I do not think you should evaluate your matched samples solely on the basis of one pair of graphs, but this pair of graphs does suggest that the balance is worse after matching. That is not so surprising. There is no guarantee that matching improves balance. As Sekhon (2011) writes:

A significant shortcoming of common matching methods such as Mahalanobis distance and propensity score matching is that they may (and in practice, frequently do) make balance worse across measured potential confounders. These methods may make balance worse, in practice, even if covariates are distributed ellipsoidally because in a given finite sample there may be departures from an ellipsoidal distribution.

For an example where matching worsens balance, see p. 11.

Sekhon, J. 2011. Matching: Multivariate Matching with Automated Balance Optimization in R. Journal of Statistical Software 42(7):1-52.

David Radwin
Senior Researcher, California Competes
californiacompetes.org
Pronouns: He/Him
Comment
Alhassane Bah

Join Date: Mar 2016

Posts: 4
#17

19 Mar 2016, 07:58

Dear Sir,
I sincerely appreciate your time in assisting me on this.
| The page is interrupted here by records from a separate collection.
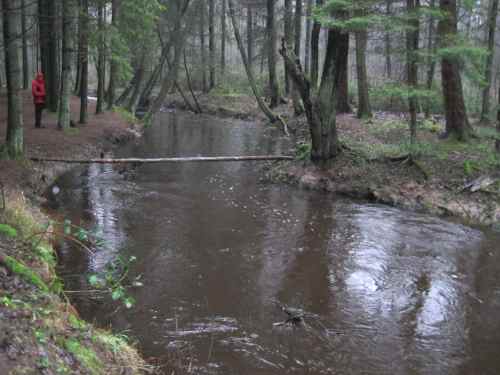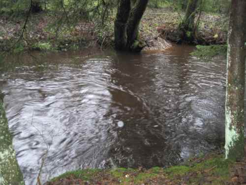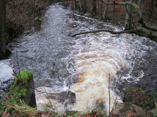 Erosion färbt das Wasser kaffeebraun. In naturnahem Gewässerzustand würden die Fluten das Gewässerbett verlassen, ihre Kraft verlieren und mitgeführtes Material ablagern.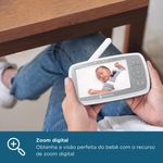 A babá eletrônica Motorola VM44 Connect oferece controle total da visualização com zoom digital e rotação manual da câmera, permitindo acompanhar cada movimento do seu filho com precisão.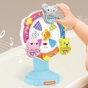 Βρεφικό περιστρεφόμενο παιχνίδι με ζωάκια και ήχους. Διαθέτει περιστρεφόμενη ρόδα με περιστρεφόμενα ζωάκια, πολύχρωμες μπίλιες που κινούνται και πλήκτρα πολλαπλών ήχων. Διαθέτει επίσης βεντούζα για σταθερή τοποθέτηση σε επιφάνεια.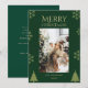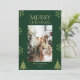 The design shows a merry christmas card with a customisable family photo along with christmas tree and snow flakes with deep green background.The design is unique and will be ideal for anyone.

After going back to your details, I tried to run the nearest neighbor matching and after auto generating _n and _id, I run the codes provided at post #7 above and got the graph below, which looks better now.
But my question now is, if I had to run a kernel matching, what would I replace with _n and _id on the codes of post #7 to get the graph? Or this is only possible with nearest neighbor matching?
Thank you so much David.
Alhassane.

Last edited by Alhassane Bah; 19 Mar 2016, 08:04.
Comment

David Radwin

Join Date: Mar 2014
Posts: 369

#18

21 Mar 2016, 10:51

There is no nearest neighbor, and therefore no variables to indicate nearest neighbor, if you don't use nearest neighbor matching.
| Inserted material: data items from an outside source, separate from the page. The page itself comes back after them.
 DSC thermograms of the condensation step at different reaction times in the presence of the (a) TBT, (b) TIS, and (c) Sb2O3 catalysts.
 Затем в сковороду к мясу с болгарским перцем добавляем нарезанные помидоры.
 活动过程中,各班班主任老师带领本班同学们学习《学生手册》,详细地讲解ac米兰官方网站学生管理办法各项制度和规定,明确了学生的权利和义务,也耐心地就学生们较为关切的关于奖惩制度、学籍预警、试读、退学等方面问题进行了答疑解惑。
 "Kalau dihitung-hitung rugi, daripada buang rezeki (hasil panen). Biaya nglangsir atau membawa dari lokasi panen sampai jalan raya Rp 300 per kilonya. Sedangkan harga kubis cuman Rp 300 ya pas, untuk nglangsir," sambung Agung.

If you want to reproduce Richard Hofler's graph after kernel matching, you can weight the results instead. This example does so and makes two additional changes. It saves the graphs to memory rather than to disk and it uses Vince Wiggins's grc1leg program I mentioned earlier.

Code:

sysuse auto, clear
psmatch2 foreign mpg, out(price)

* before
twoway (kdensity _pscore if _treated==1) (kdensity _pscore if _treated==0, ///
lpattern(dash)), legend( label( 1 "treated") label( 2 "control" ) ) ///
xtitle("propensity scores BEFORE matching") name(before, replace)

* after
twoway (kdensity _pscore if _treated==1 [aweight=_weight]) ///
(kdensity _pscore if _treated==0 [aweight=_weight] ///
, lpattern(dash)), legend( label( 1 "treated") label( 2 "control" )) ///
xtitle("propensity scores AFTER matching") name(after, replace)

* combined
grc1leg before after, ycommon

Click image for larger version

Name: kernel.png
Views: 1
Size: 16.5 KB
ID: 1331838

David Radwin
Senior Researcher, California Competes
californiacompetes.org
Pronouns: He/Him

Comment

Alhassane Bah

Join Date: Mar 2016

Posts: 4
#19

22 Mar 2016, 10:31

Thank you so much Sir.
Comment
Ronald Obong

Join Date: Mar 2016

Posts: 3
#20

29 May 2016, 09:49

I have problems drawing propensity score distribution graph showing region of common support for treated and non-treated group. What command can I use to do this? the graph looks like the one attached
Attached Files

pscore.docx (22.9 KB, 5 views)
Comment
Sebastian Geiger

Join Date: Oct 2015

Posts: 124
#21

01 Jun 2016, 19:39

Edit: oh I didn't see the second page. So just ignore my post.

Alhassane,

what is the code your using to produce these graphs? Most likely, you should not just flip the title of the graphs to get the result/improvement you want.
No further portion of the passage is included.